| Work task |
Return only the lines of the listing below that run from the line with "Come potete vedere" through the line with "striped roll neck", both ends included, exactly as written.

Data supplied section start

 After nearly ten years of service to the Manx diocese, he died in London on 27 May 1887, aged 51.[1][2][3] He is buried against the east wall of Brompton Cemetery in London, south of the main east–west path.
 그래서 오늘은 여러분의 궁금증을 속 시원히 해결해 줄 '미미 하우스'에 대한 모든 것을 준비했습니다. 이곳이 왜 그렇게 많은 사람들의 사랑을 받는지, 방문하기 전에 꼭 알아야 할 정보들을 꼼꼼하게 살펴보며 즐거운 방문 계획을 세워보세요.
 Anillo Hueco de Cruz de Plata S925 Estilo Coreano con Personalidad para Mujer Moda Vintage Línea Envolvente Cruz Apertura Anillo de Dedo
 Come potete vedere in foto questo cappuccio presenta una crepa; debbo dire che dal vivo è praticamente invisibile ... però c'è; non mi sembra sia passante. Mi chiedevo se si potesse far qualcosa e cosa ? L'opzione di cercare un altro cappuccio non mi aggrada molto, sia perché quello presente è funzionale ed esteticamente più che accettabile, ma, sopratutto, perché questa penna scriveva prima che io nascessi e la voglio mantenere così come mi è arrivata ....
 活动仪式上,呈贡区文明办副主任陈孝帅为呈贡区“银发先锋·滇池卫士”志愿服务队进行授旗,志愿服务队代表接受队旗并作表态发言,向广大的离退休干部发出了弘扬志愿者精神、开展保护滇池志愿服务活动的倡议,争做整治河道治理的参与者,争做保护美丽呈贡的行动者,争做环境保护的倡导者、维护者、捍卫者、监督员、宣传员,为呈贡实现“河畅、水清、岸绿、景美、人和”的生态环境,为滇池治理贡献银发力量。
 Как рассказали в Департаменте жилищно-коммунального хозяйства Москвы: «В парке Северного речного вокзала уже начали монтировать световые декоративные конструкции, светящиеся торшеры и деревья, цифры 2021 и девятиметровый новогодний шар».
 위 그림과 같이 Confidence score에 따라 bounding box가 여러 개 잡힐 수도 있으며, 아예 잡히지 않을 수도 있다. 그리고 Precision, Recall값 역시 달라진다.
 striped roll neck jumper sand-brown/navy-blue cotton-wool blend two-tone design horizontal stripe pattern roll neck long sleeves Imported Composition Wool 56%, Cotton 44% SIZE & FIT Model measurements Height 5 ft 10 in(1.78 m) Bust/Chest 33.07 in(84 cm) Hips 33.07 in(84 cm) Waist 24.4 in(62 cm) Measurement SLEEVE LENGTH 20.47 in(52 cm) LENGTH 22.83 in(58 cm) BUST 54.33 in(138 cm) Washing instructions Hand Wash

Data supplied section end
Data supplied section start

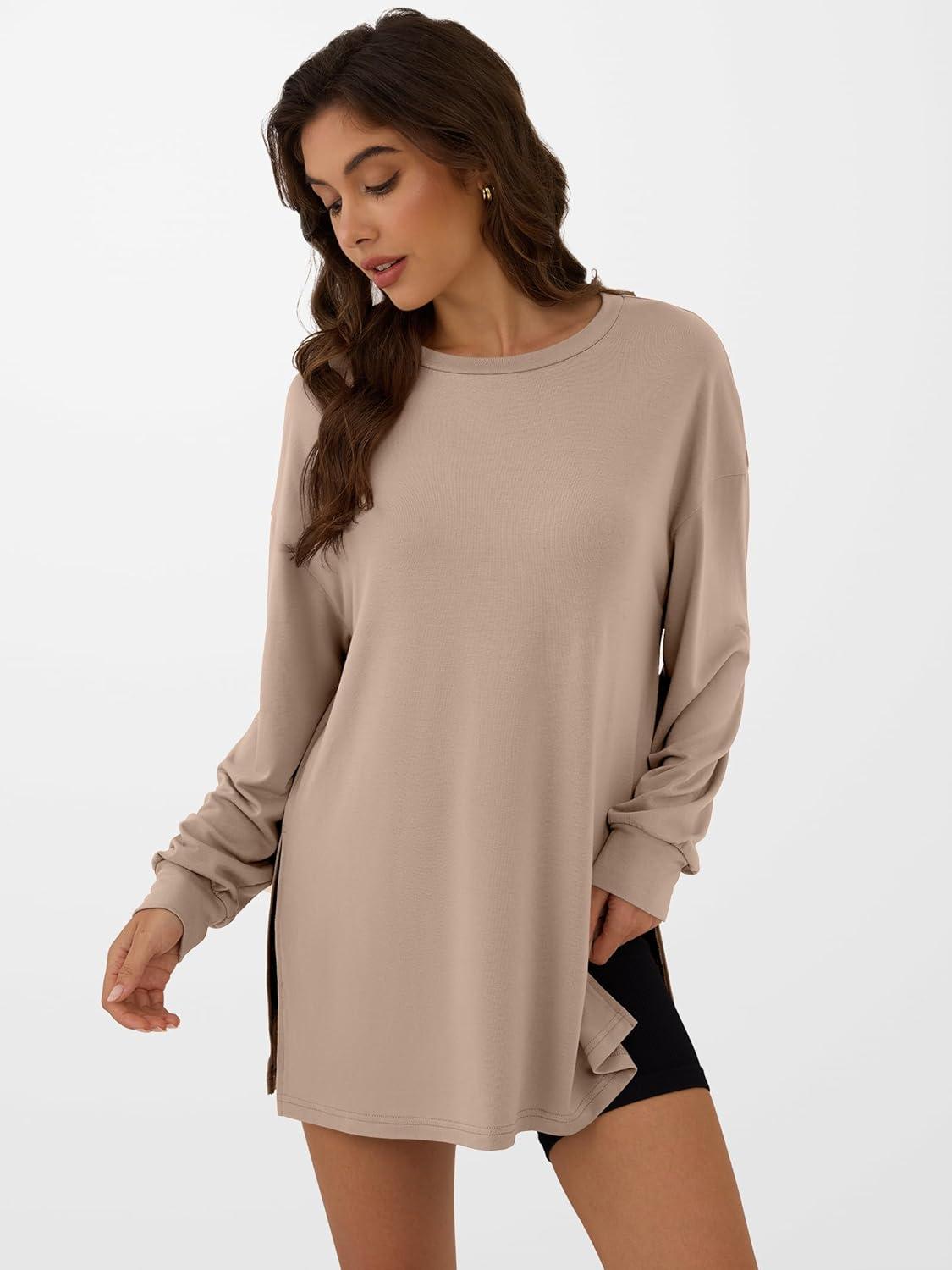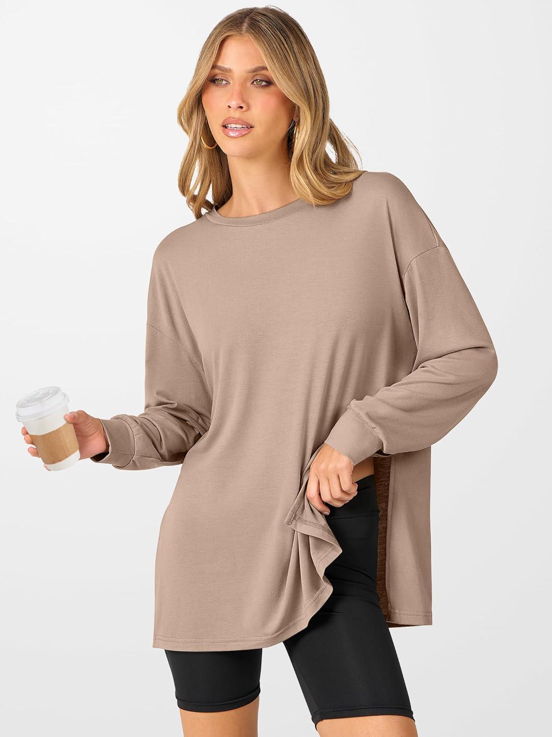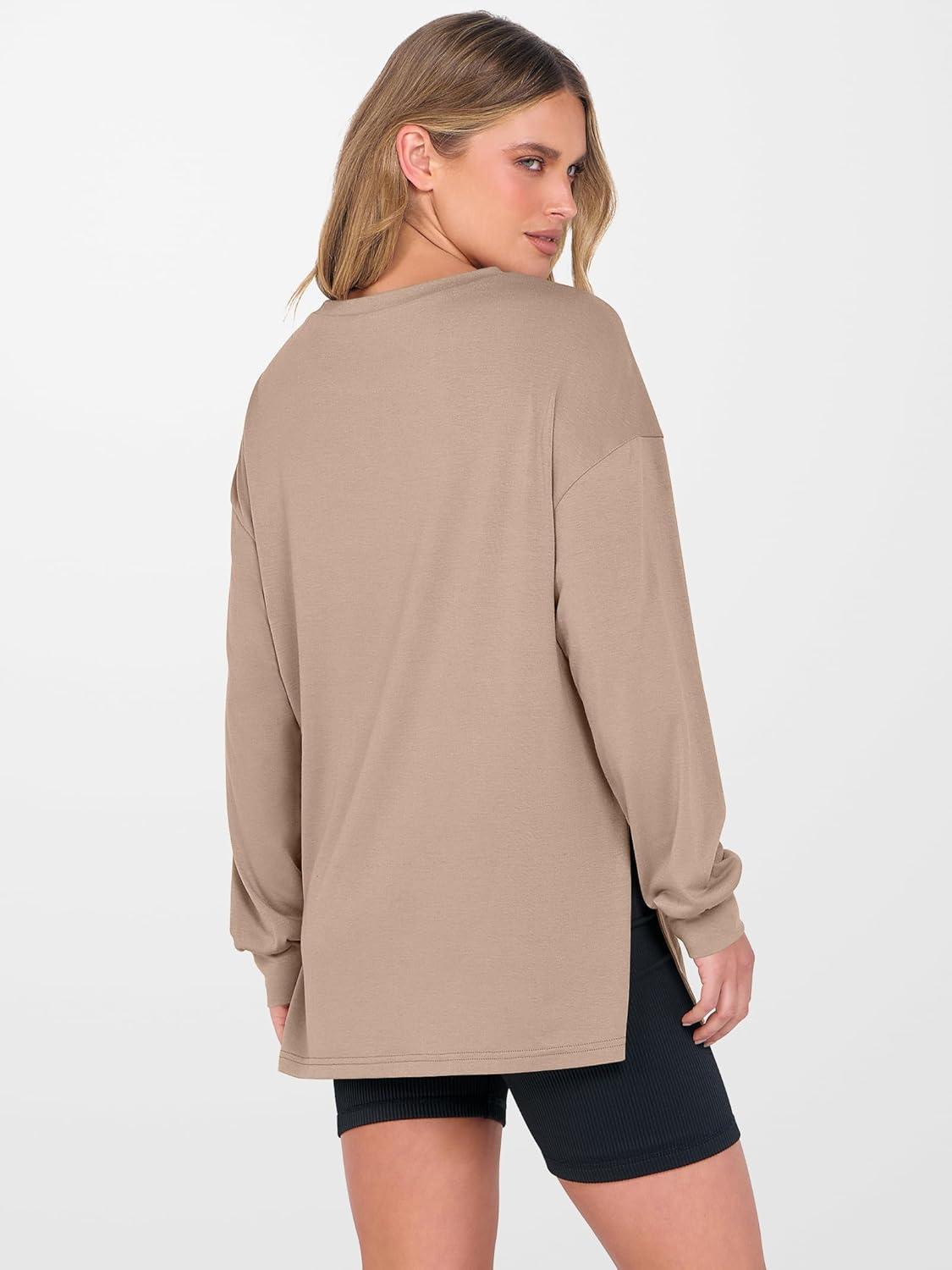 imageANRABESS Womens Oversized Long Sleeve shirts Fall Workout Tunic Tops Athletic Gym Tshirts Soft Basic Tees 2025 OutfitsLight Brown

Data supplied section end

| Task response |
 Come potete vedere in foto questo cappuccio presenta una crepa; debbo dire che dal vivo è praticamente invisibile ... però c'è; non mi sembra sia passante. Mi chiedevo se si potesse far qualcosa e cosa ? L'opzione di cercare un altro cappuccio non mi aggrada molto, sia perché quello presente è funzionale ed esteticamente più che accettabile, ma, sopratutto, perché questa penna scriveva prima che io nascessi e la voglio mantenere così come mi è arrivata ....
 活动仪式上,呈贡区文明办副主任陈孝帅为呈贡区“银发先锋·滇池卫士”志愿服务队进行授旗,志愿服务队代表接受队旗并作表态发言,向广大的离退休干部发出了弘扬志愿者精神、开展保护滇池志愿服务活动的倡议,争做整治河道治理的参与者,争做保护美丽呈贡的行动者,争做环境保护的倡导者、维护者、捍卫者、监督员、宣传员,为呈贡实现“河畅、水清、岸绿、景美、人和”的生态环境,为滇池治理贡献银发力量。
 Как рассказали в Департаменте жилищно-коммунального хозяйства Москвы: «В парке Северного речного вокзала уже начали монтировать световые декоративные конструкции, светящиеся торшеры и деревья, цифры 2021 и девятиметровый новогодний шар».
 위 그림과 같이 Confidence score에 따라 bounding box가 여러 개 잡힐 수도 있으며, 아예 잡히지 않을 수도 있다. 그리고 Precision, Recall값 역시 달라진다.
 striped roll neck jumper sand-brown/navy-blue cotton-wool blend two-tone design horizontal stripe pattern roll neck long sleeves Imported Composition Wool 56%, Cotton 44% SIZE & FIT Model measurements Height 5 ft 10 in(1.78 m) Bust/Chest 33.07 in(84 cm) Hips 33.07 in(84 cm) Waist 24.4 in(62 cm) Measurement SLEEVE LENGTH 20.47 in(52 cm) LENGTH 22.83 in(58 cm) BUST 54.33 in(138 cm) Washing instructions Hand Wash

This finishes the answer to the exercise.